▶ _What needs to be done_
Print each line below verbatim, skipping every picture.
==========
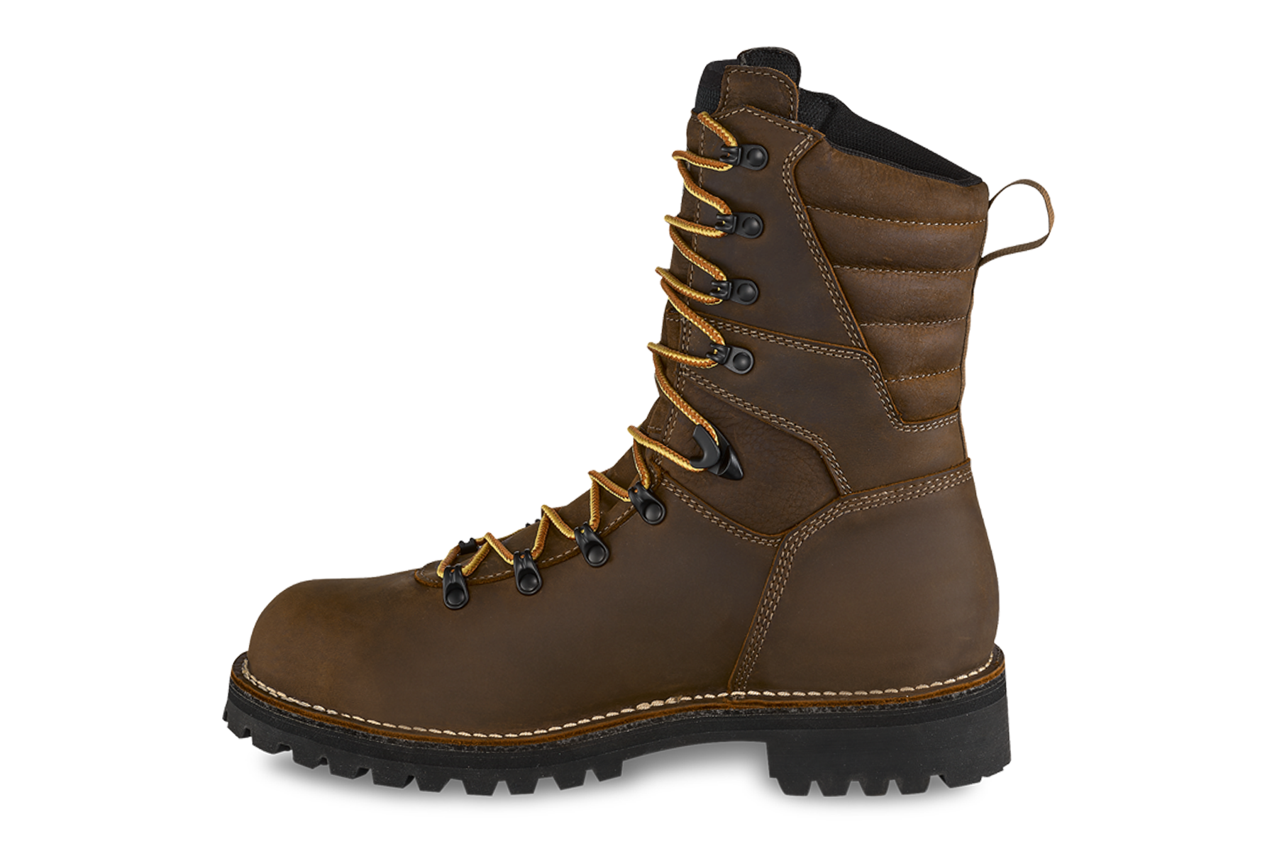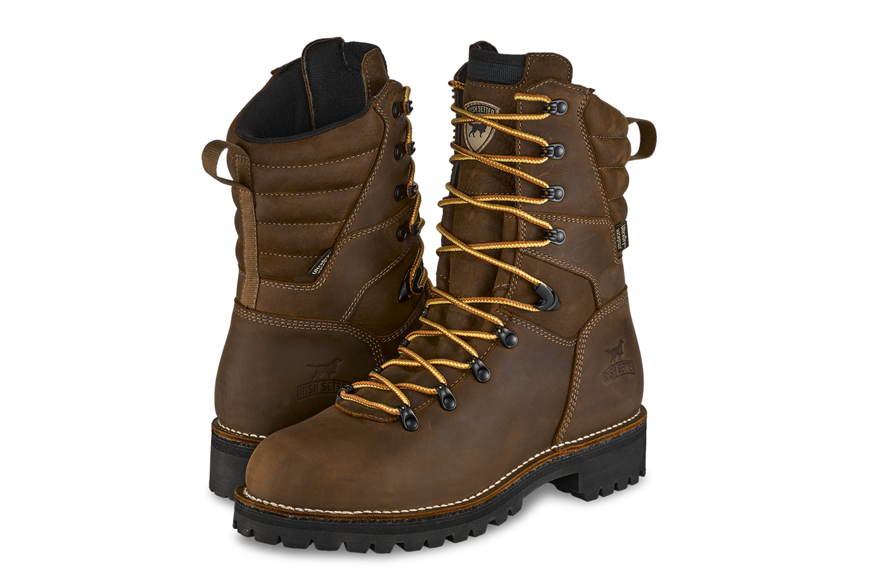 Irish Setter men's 9-inch waterproof leather soft toe boot. Waterproof leather upper boot with footbed provides instant underfoot support. Electrical Hazard and Slip-Resistant. Vibram outsole.
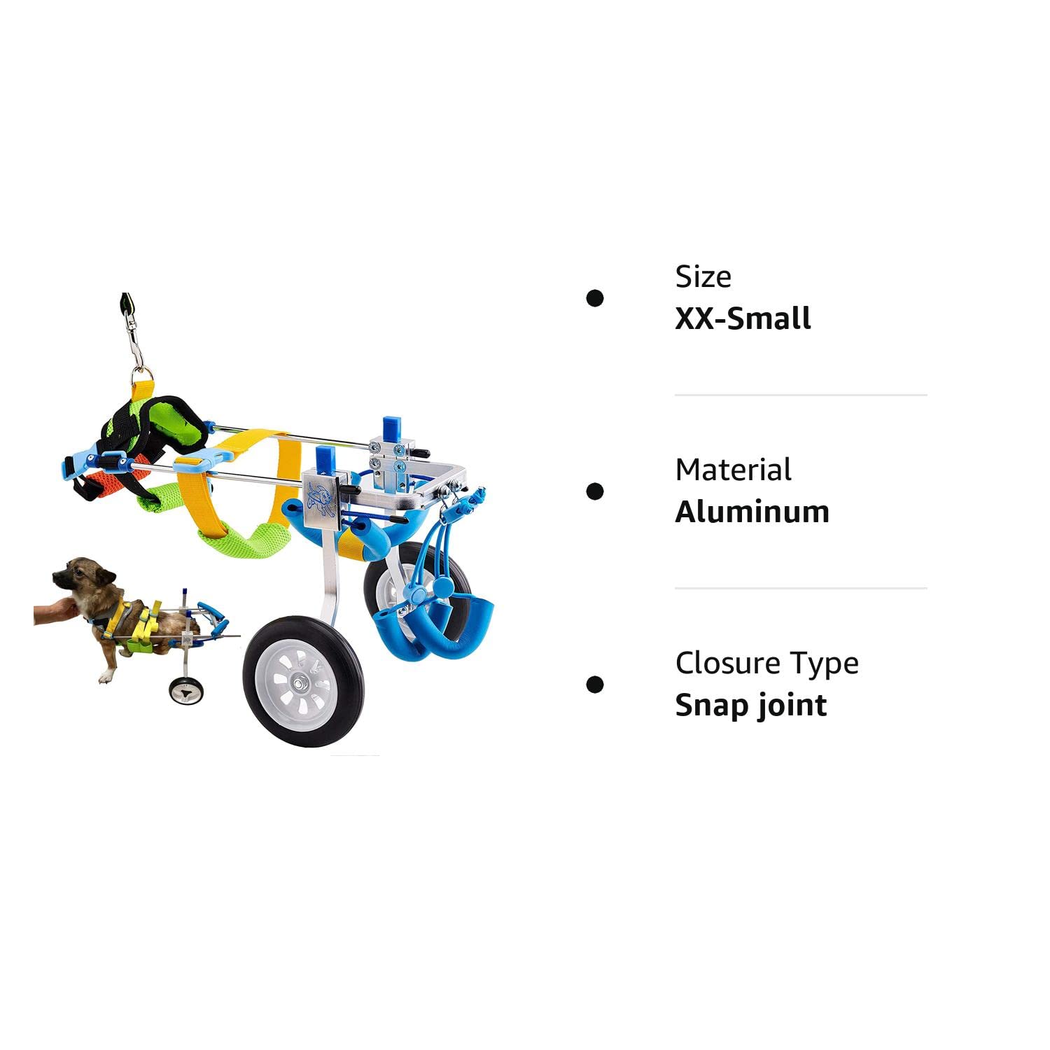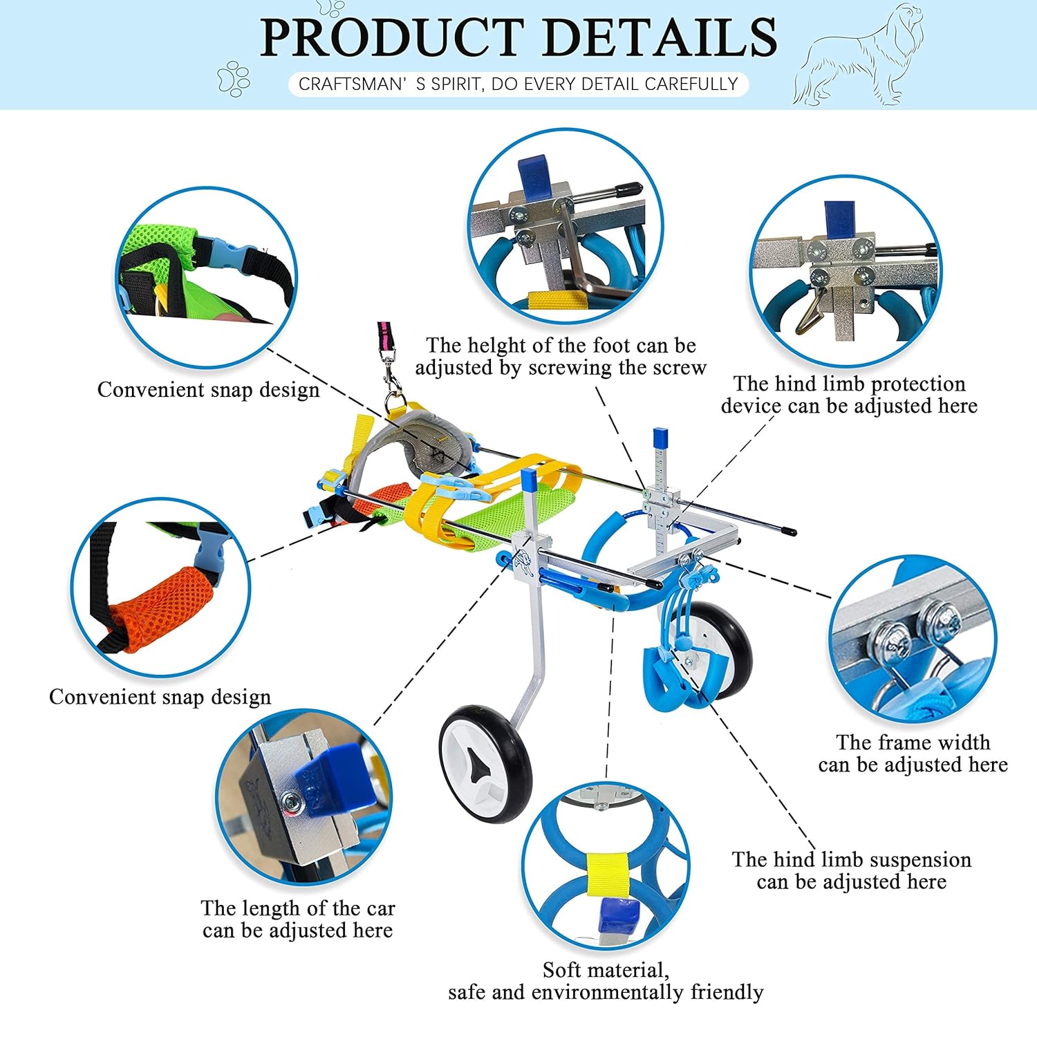 Pet wheelchair height, width and length of this pet wheelchair can be adjusted, and it can adapt to your pet within a certain range. The whole product is easy to assemble, you can install it yourself, and the fordable design is more convenient to carry.Aluminum alloy material, light and strong.
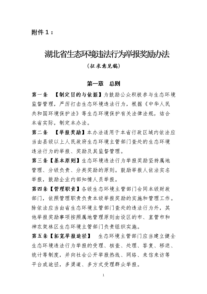 附件:1. 《湖北省生態(tài)環(huán)境違法行為舉報(bào)獎(jiǎng)勵(lì)辦法》(征求意見(jiàn)稿)
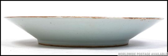 A 1930's Chinese celedon Chinese large charger with twin dragons having green ground and geometric borders. Originally a wedding present from vendors great grandmother. Stamped to verso 'Made in China' W40cm
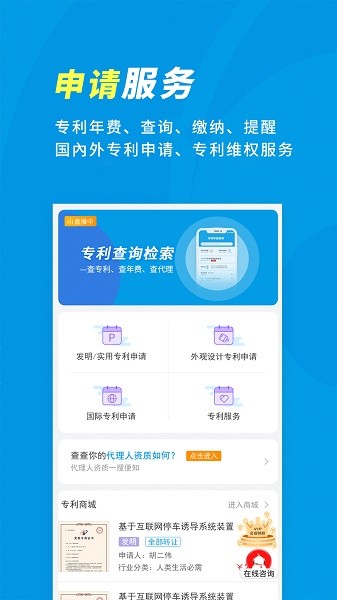 1、提供专利主分类号查询,查询专利主权利项、专利申请前检索、专利新颖性检索。
==========
▶ _Expected output_
 Irish Setter men's 9-inch waterproof leather soft toe boot. Waterproof leather upper boot with footbed provides instant underfoot support. Electrical Hazard and Slip-Resistant. Vibram outsole.
 Pet wheelchair height, width and length of this pet wheelchair can be adjusted, and it can adapt to your pet within a certain range. The whole product is easy to assemble, you can install it yourself, and the fordable design is more convenient to carry.Aluminum alloy material, light and strong.
 附件:1. 《湖北省生態(tài)環(huán)境違法行為舉報(bào)獎(jiǎng)勵(lì)辦法》(征求意見(jiàn)稿)
 A 1930's Chinese celedon Chinese large charger with twin dragons having green ground and geometric borders. Originally a wedding present from vendors great grandmother. Stamped to verso 'Made in China' W40cm
 1、提供专利主分类号查询,查询专利主权利项、专利申请前检索、专利新颖性检索。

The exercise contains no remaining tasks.